Day 25: Find Your Rat Race Freedom Number
On Day 5 you listed out all your expenses and on Day 7 you categorized those into Fixed and Discretionary.
Today, add up all your Fixed expenses. That total is your bare bones Rat Race Freedom Number.
That’s the “nut” you need to hit every month to quit your job and maintain some semblance of your current lifestyle.
The fastest path to escaping cubicle captivity doesn’t rely on replacing your income; it relies on covering your expenses.
Day 26: Start Rolling Your Side Hustle Snowball
The Side Hustle Snowball is a way to reframe that journey to Rat Race Freedom by looking for ways to cover your expenses with new non-job income streams, starting with the smallest and working your way up.
Check out this post for a more detailed explanation and how I’ve gone about “erasing” some of my actual expenses with various side hustles.
Day 27: Get Some Free Money From a Bank
Now if you don’t trust yourself to only spend what you can pay off each month, absolutely don’t do this. But if use credit cards only with money you already have to buy stuff you would have bought anyway, I think it makes sense to get the maximum bang for your buck.
If you know you’re gonna spend $500 in the next 3 months, that’s #freemoney. This card also gives you one of the highest cash back rates, with unlimited 1.5% back on every dollar you spend.
1% cash back is boring, but 20-50% cash back in the form of free travel? That’s what I’m talking about in applying for new credit cards and earning big sign-up bonuses.

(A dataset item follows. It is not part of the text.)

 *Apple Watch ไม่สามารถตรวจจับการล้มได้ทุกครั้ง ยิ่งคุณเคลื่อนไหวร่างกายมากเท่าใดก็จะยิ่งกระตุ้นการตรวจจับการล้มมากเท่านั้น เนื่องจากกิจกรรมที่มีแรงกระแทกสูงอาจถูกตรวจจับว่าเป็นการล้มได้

I like CardRatings.com to see what the latest offers are. Hold out for at least 50,000 points per card.
(If you don’t have a business credit card for your side hustle, that could be a good place to start!)
Day 28: Set Monthly & Quarterly Check-ins
Make a calendar reminder to check your account balances monthly, and check your net worth quarterly. It’s not something you need to track day to day, but over time, you’ll start to get a picture of how it (hopefully) grows in response to your efforts.

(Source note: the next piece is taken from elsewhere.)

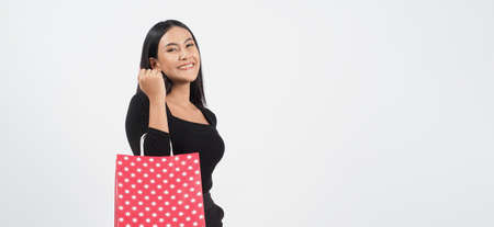 attractive beautiful asian woman red dress hand hold shopping bag big smile with happiness and joyful white background
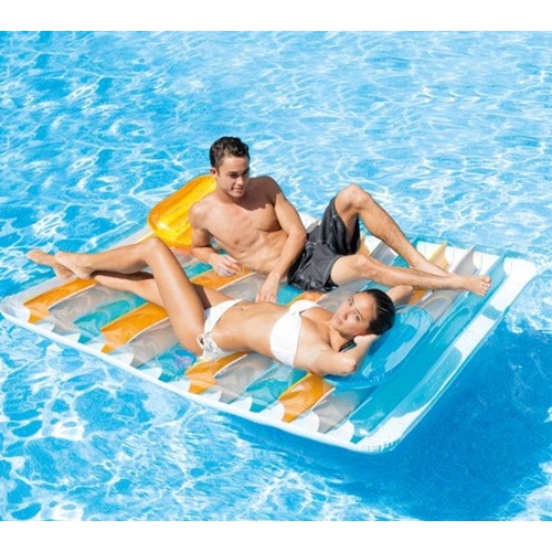 מזרון מתנפח זוגי בדוגמת פסים עם צבעים חיים.

Every 6-12 months, review your investment allocations and rebalance if necessary. (Betterment does this automatically for you.)
Day 29: Make a Donation to Charity
Make a donation to the charity of your choice. Living well is about being able to give back.
Day 30: Treat Yourself
Congratulations! You made it all the way to the end of the cleanse!
Take a moment or two for some (inexpensive) celebration, and recognize that figuring out this whole “money thing” isn’t easy.
I definitely won’t pretend to have all the answers, but I’m confident that in going through these steps you’re better off than you were before (and you’re miles ahead of most of your peers).
What do you think? Was this money cleanse helpful?